В этой полнейшей объективности повествования, однако, заключено нечто новое по сравнению с рассказом до этого момента. Ведь до этого повествование было довольно «субъективным», т. e. в нём очень заметна была субъективность повествователя. Но столь активный и знающий повествователь в этот момент перехода в сонную фабулу «исчезает», «не знает», что это начался сон. Объективность повествования сонных событий поэтому отделяется на фоне предшествующего объективно—субъективного повествования как более строгая и как бы подчеркнутая объективность. В. Виноградов заметил, что «направление и степень наклона повествования к точке зрения гробовщика различны в передаче быта и фантастики сна. Ироническая отрешённость „образа автора“ от изображаемой действительности, паутина литературных намёков, облегающих повествование о жизни гробовщика и немцев—ремесленников, – все эти особенности стиля затенены и ослаблены во второй части повести, в изложении картин сна (который, впрочем, только в эпилоге назван сном)».[109 - В. В. Виноградов. Стиль Пушкина. С. 463.]

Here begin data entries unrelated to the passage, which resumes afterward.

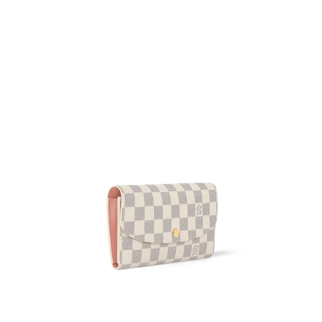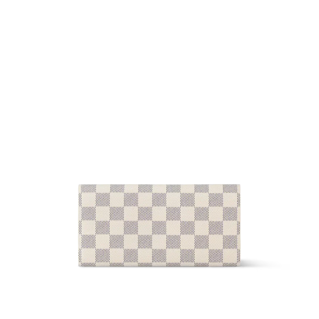 The functional and beautiful Emilie wallet is made of soft Damier Azur canvas and lined with grained calfskin. The envelope-style flap opens to a spacious interior with compartments a zipped coin pocket and a card slot. Its slim lines allow it to fit in a city bag or as a clutch. Louis Vuitton N41625 Emilie Wallet details:
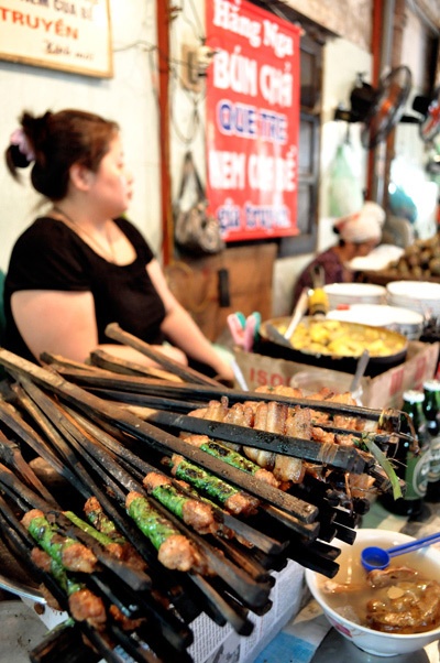 | Nhưng có nhiều hàng ăn lâu năm như quán bún chả kẹp que tre... |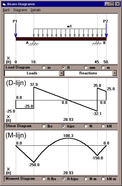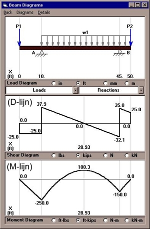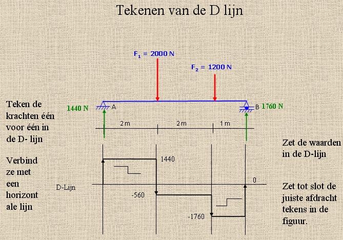 normaliter verkregen uit de dwarskrachtenlijn (D-lijn of V-lijn).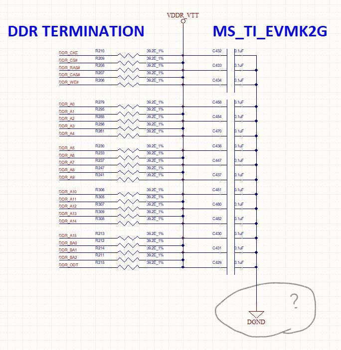 2-- In second schematic termination resistors with capacitor other end connected with "1.35V" net name (VDDS_DDR_K2G). instead of "DGND".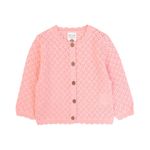 El Cardigan Spirit Rosado de Ficcus es una prenda delicada y elegante, diseñada especialmente para niñas que buscan confort y estilo en su día a día. Confeccionado en punto calado con un hermoso patrón de rombos, combina un look clásico con detalles modernos. La manga larga abullonada aporta suavidad y feminidad, mientras que el cuello redondo y los bordes festoneados completan un acabado refinado y cuidado. Ideal para ocasiones urbanas y casuales, este cardigan se adapta fácilmente a distintos estilos y combinaciones.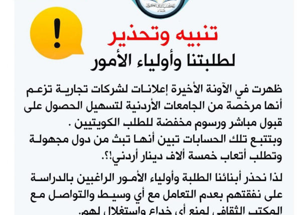 حصادنيوز- حذر المكتب الثقافي الكويتي في الأردن من التعامل مع أي وسيط والتواصل مع المكتب لمنع أي خداع واستغلال للطلبة بعد ظهور إعلانات لشركات تجارية تزعم أنها مرخصة من الجامعات الأردنية.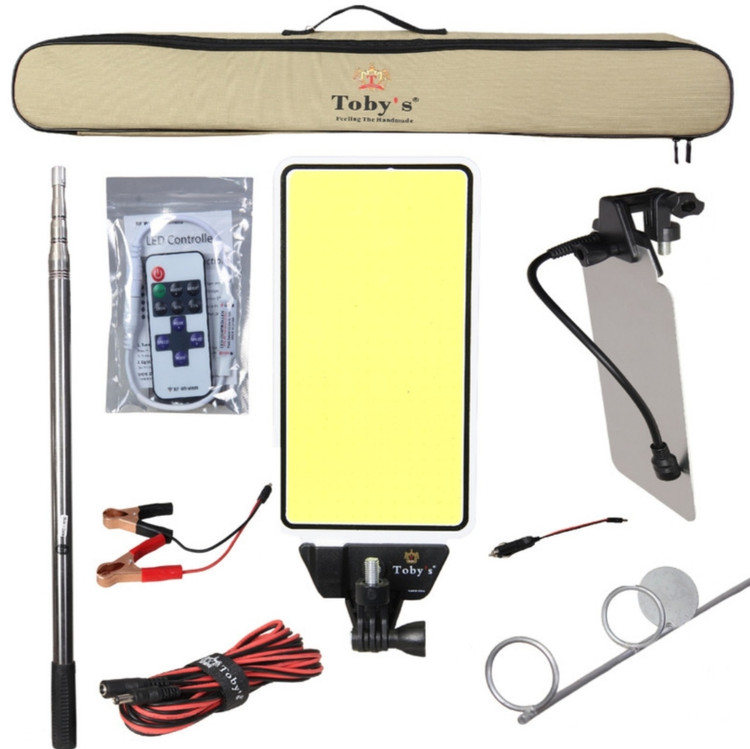 پایه ۳.۵ متری تلسکوپی _ سیم اتصال ۵ متری با سری فندکی _ تبدیل سوکت برای اتصال به باتری خودرو _ استند نگهدارنده فلزی _ براکت صفحه نور _ کابل اتصال به جا فندکی خودرو _ کابل دارای گیره سوسماری جهت اتصال به باتری خودرو _ ریموت کنترل از راه دور
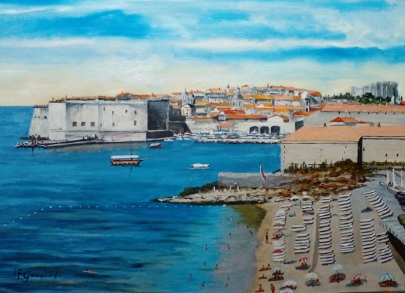 Obra realizada con acrílico sobre tabla,54X39 Cm.representa el puerto viejo de Dubrovnik, año 2025.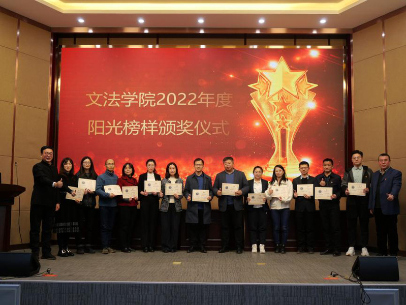 3月15日下午2:00,文法学院2022年度“阳光榜样”颁奖仪式在浑南校区文管学馆B230会议室举行,文法学院全体教职工参会,会议由副院长李丹主持。
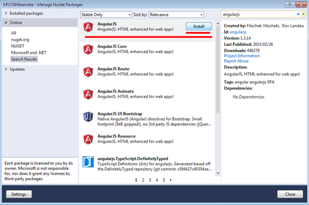 Search: "AngularJS" then click on "Install".

Вспомним ещё раз остроумные замечания повествователя: «. или чтоб запрашивать за свои произведения преувеличенную цену у тех, которые имели несчастие (а иногда и удовольствие) в них нуждаться». Эти мотивы жизни гробовщика реализуются в его хлопотах вокруг похорон Трюхиной; изображаются как раз такие факты, но прежний юмор повествователя погашен в этом изображении, рассказывается с большим «наклоном повествования» к точке зрения гробовщика. Повествовательная игра, в которой сказывалось живое присутствие повествователя, «затенена и ослаблена» в этой картине похорон Трюхиной. Вся эта картина вполне реальна: так и было бы в точности, если бы Трюхина умерла. Но оголённость рассказа от уже привычной нам в этой повести живой субъективности рассказчика словно сообщает призрачное освещение всему рассказываемому. Так стилистически сонная действительность сразу же отличается от реальной, в то время как потерявшее черту повествование ещё между ними не различает.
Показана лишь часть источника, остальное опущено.